İmplacability İle İlgili Cümleler İngilizce Cümle İçinde Kullanımı

İmplacability: acımasızlık, merhametsizlik, insafsızlık

  1. The implacability of the dictator was evident in the harsh punishment he inflicted on dissenters. (Diktatörün insafsızlığı, muhaliflere uyguladığı sert cezalarda açıkça görülüyordu.)
  2. The implacability of the enemy made it difficult to negotiate a peace treaty. (Düşmanın merhametsizliği, barış antlaşması görüşmelerini zorlaştırdı.)
  3. Her implacability towards her ex-husband was fueled by the betrayal she felt. (Eski kocasına karşı olan acımasızlığı, hissettiği ihanet tarafından körükleniyordu.)
  4. The judge’s implacability in sentencing the criminal to life imprisonment was criticized by human rights activists. (Yargıcın suçluyu ömür boyu hapis cezasına çarptırırken gösterdiği merhametsizlik, insan hakları aktivistleri tarafından eleştirildi.)
  5. The implacability of the storm left a trail of destruction in its wake. (Fırtınanın insafsızlığı, arkasında yıkım izleri bıraktı.)
  6. His implacability in the face of adversity was both admirable and terrifying. (Zorluklar karşısındaki merhametsizliği hem takdir edilesi hem de korkutucuydu.)
  7. The implacability of nature can be both awe-inspiring and devastating. (Doğanın merhametsizliği, hem hayranlık uyandırıcı hem de yıkıcı olabilir.)
  8. The prisoner was resigned to the implacability of his fate. (Mahkum, kaderinin acımasızlığına boyun eğmişti.)
  9. The implacability of the disease made it difficult for doctors to treat. (Hastalığın merhametsizliği, doktorların tedavi etmesini zorlaştırdı.)
  10. The teacher’s implacability towards cheating students was well-known among the student body. (Öğretmenin kopya çeken öğrencilere karşı gösterdiği merhametsizlik, öğrenci topluluğu arasında iyi biliniyordu.)
  11. The implacability of the ocean was a constant reminder of the power of nature. (Denizin merhametsizliği, doğanın gücünü sürekli hatırlatıyordu.)
  12. The manager’s implacability in enforcing company policies earned her a reputation for being tough but fair. (Yöneticinin şirket politikalarını uygulamadaki acımasızlığı, ona zorlu ama adil bir ün kazandırdı.)
  13. The implacability of time was a sobering thought for the aging athlete. (Zamanın acımasızlığı, yaşlanan sporcu için düşündürücü bir düşüncedir.)
  14. The mother’s implacability in protecting her children from danger was a testament to her love for them. (Anne, çocuklarını tehlikelerden koruma konusundaki acımasızlığı, onlara olan se

vgisini kanıtlar nitelikteydi.)
15. The implacability of the law was demonstrated in the severe punishment given to the criminal. (Hukukun merhametsizliği, suçluya verilen ağır cezada gösterilmiştir.)
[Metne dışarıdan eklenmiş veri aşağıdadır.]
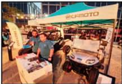
متجر قدمت أحدث سيارات ملاعب الجولف

استضافت كايرو فستيفال سيتي معرضاً لعدد من السيارات الفاخرة والسوبر رياضية (EXOTIC) وكذلك عدد من السيارات الكلاسيكية النادرة، في حدث يعد هو الأول من نوعه في مصر، بما يمثل تجربة استثنائية تعرض الأذواق المتنوعة للسيارات الفاخرة والنادرة في مصر. وجمعت فعاليات المعرض بين عشاق السيارات الفاخرة وأصحابها، إلى جانب مشاركة 10 من أبرز تجار السيارات بهذا القطاع، وذلك في أجواء مليئة بالحماس والتنافسية من خلال منح الحضور إمكانية التصويت في مسابقة أفضل أداء، أفضل تعديل، أسرع سيارة مع الفرصة للفوز بجوائز متنوعة. ويعد هذا المعرض إضافة مميزة لأنشطة كايرو فيستيفال سيتي

  1. The soldier’s implacability in battle earned him the respect of his comrades. (Askerin savaşta gösterdiği merhametsizlik, ona silah arkadaşlarının saygısını kazandırdı.)
  2. The implacability of the winter weather made it difficult for the residents to leave their homes. (Kış hava koşullarının acımasızlığı, sakinlerin evlerinden çıkmalarını zorlaştırdı.)
  3. The CEO’s implacability in achieving the company’s goals was admired by the board of directors. (CEO’nun şirket hedeflerini gerçekleştirmedeki merhametsizliği, yönetim kurulu tarafından takdir edildi.)
  4. The implacability of the teacher’s discipline policy was a source of frustration for some students. (Öğretmenin disiplin politikasındaki merhametsizlik, bazı öğrenciler için bir hayal kırıklığı kaynağıydı.)
  5. The implacability of fate is a theme that is explored in many works of literature. (Kaderin acımasızlığı, edebiyat eserlerinde keşfedilen bir tema olarak karşımıza çıkar.)

Bu yazıya ilk yorumu sen yaz!

Hemen Yorum Yaz

Adını veya rumuzunu yazabilirsin.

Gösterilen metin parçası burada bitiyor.